■ **Problem statement**
Could you print exactly the lines of the listing below, starting at the line that has "Fig. 18. An" and ending at the line that has "民國42年臺灣鐵路管理局民防總隊幹部講習班結業證書", and only those lines?

■ **Task inputs**
------------------------------------

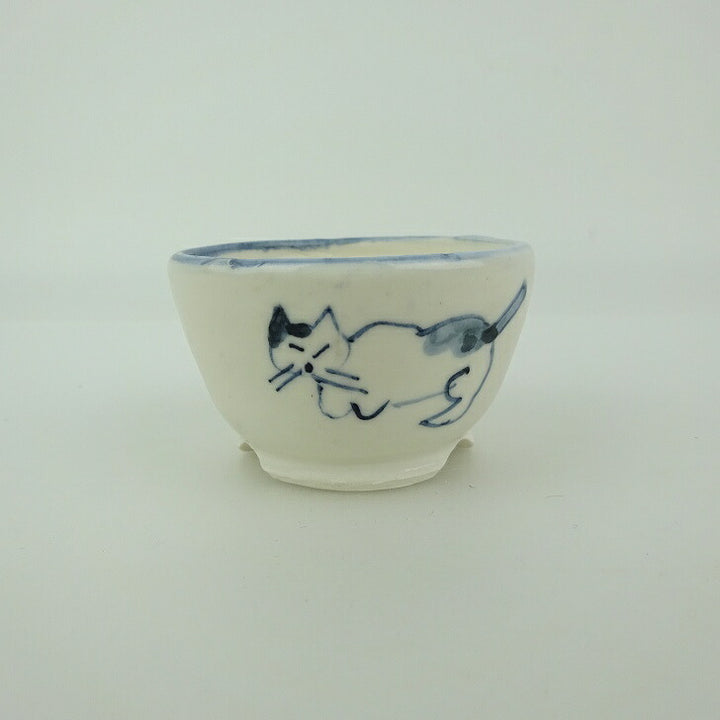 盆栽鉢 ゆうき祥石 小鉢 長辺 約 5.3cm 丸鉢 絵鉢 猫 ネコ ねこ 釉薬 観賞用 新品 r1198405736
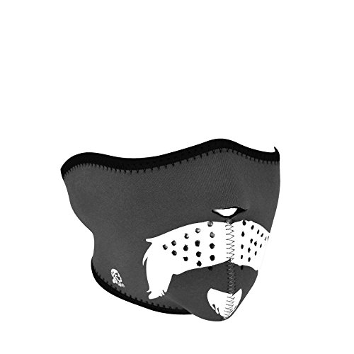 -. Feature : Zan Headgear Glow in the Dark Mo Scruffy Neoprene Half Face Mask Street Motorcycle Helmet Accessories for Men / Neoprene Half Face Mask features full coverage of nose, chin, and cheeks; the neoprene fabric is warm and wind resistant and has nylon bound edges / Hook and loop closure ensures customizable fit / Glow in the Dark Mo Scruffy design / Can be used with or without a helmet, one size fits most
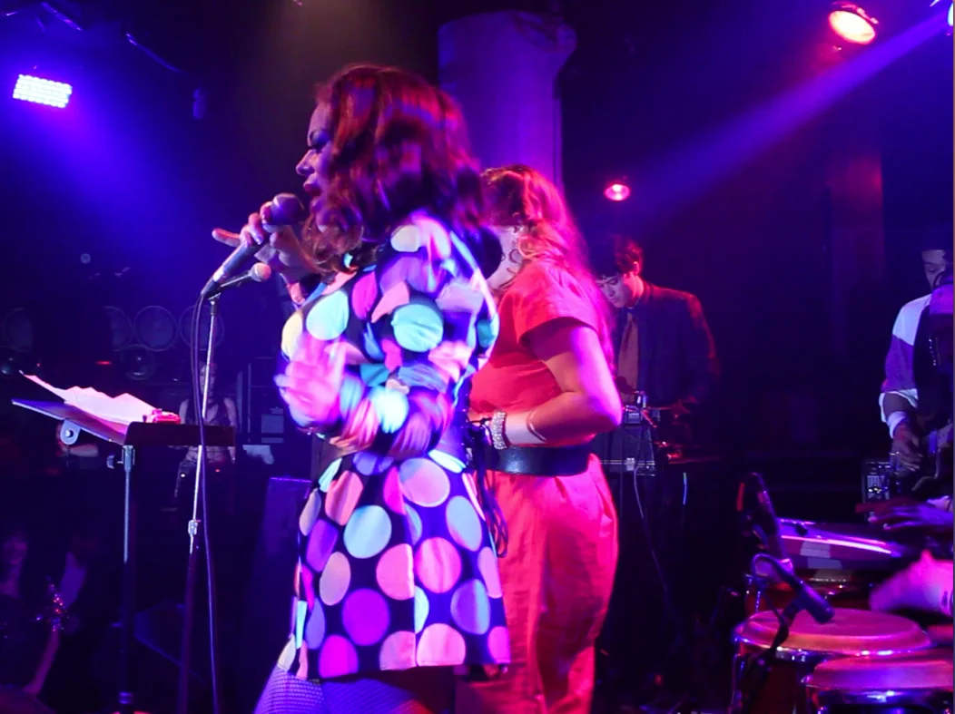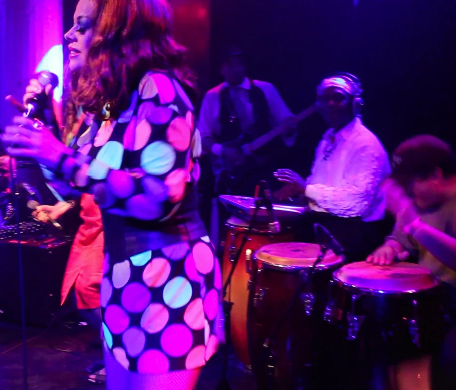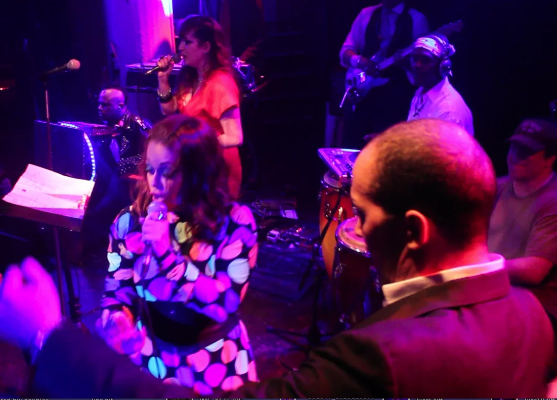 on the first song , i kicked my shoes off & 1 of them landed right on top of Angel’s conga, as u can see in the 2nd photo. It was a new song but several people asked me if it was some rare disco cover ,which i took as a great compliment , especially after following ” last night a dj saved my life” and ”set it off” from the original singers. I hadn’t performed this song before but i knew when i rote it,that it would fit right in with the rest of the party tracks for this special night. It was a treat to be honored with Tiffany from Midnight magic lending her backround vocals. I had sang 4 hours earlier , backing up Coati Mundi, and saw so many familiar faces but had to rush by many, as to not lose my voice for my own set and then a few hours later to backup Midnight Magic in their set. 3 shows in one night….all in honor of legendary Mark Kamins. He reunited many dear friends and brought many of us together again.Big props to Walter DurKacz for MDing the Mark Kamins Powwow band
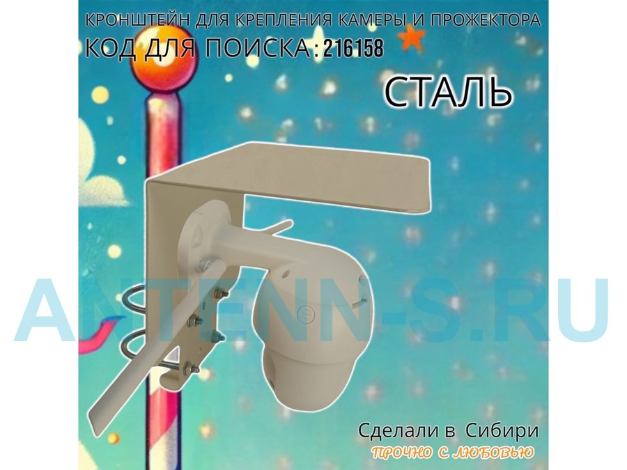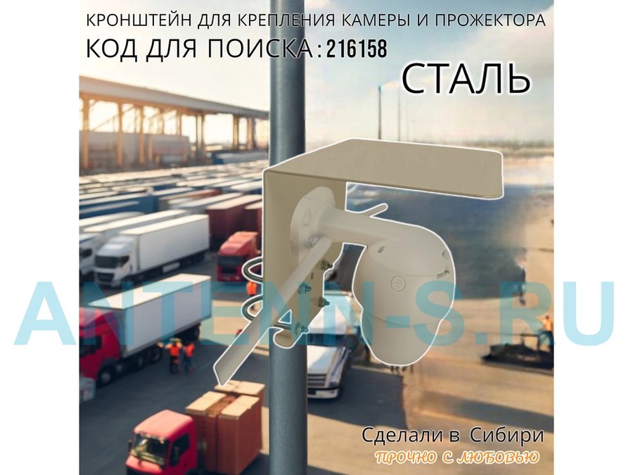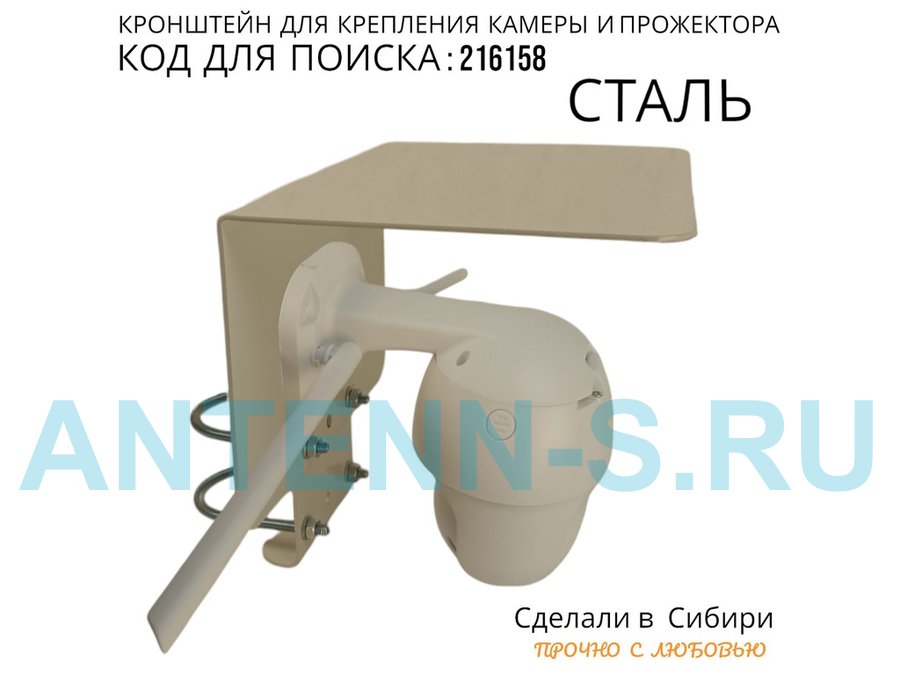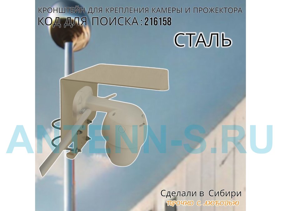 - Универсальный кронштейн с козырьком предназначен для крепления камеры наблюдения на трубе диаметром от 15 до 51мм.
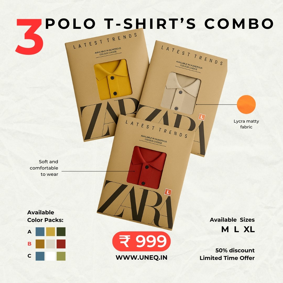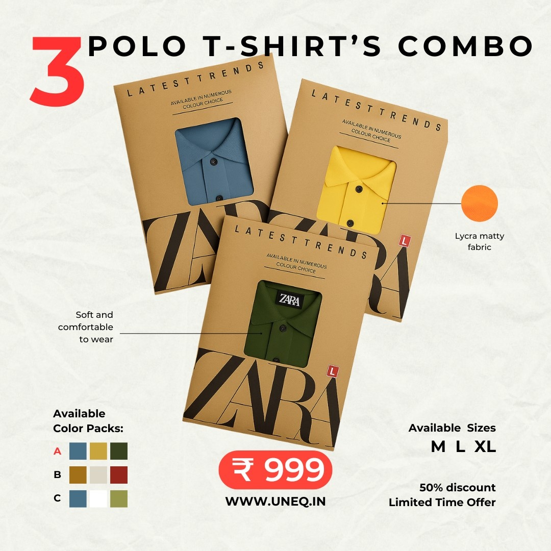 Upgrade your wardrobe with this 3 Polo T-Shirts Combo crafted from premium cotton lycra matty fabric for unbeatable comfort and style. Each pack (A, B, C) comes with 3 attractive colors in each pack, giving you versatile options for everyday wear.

------------------------------------

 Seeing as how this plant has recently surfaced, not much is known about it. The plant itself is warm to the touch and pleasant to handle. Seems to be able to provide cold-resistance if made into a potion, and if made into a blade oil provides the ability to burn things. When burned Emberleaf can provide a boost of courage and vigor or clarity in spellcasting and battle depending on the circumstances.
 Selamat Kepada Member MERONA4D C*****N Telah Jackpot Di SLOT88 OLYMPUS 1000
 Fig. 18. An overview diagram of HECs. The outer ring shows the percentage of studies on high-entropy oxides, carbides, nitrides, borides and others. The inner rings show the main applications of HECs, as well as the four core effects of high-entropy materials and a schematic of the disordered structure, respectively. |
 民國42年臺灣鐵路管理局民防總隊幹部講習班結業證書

------------------------------------

■ **Answer to the exercise**
 Fig. 18. An overview diagram of HECs. The outer ring shows the percentage of studies on high-entropy oxides, carbides, nitrides, borides and others. The inner rings show the main applications of HECs, as well as the four core effects of high-entropy materials and a schematic of the disordered structure, respectively. |
 民國42年臺灣鐵路管理局民防總隊幹部講習班結業證書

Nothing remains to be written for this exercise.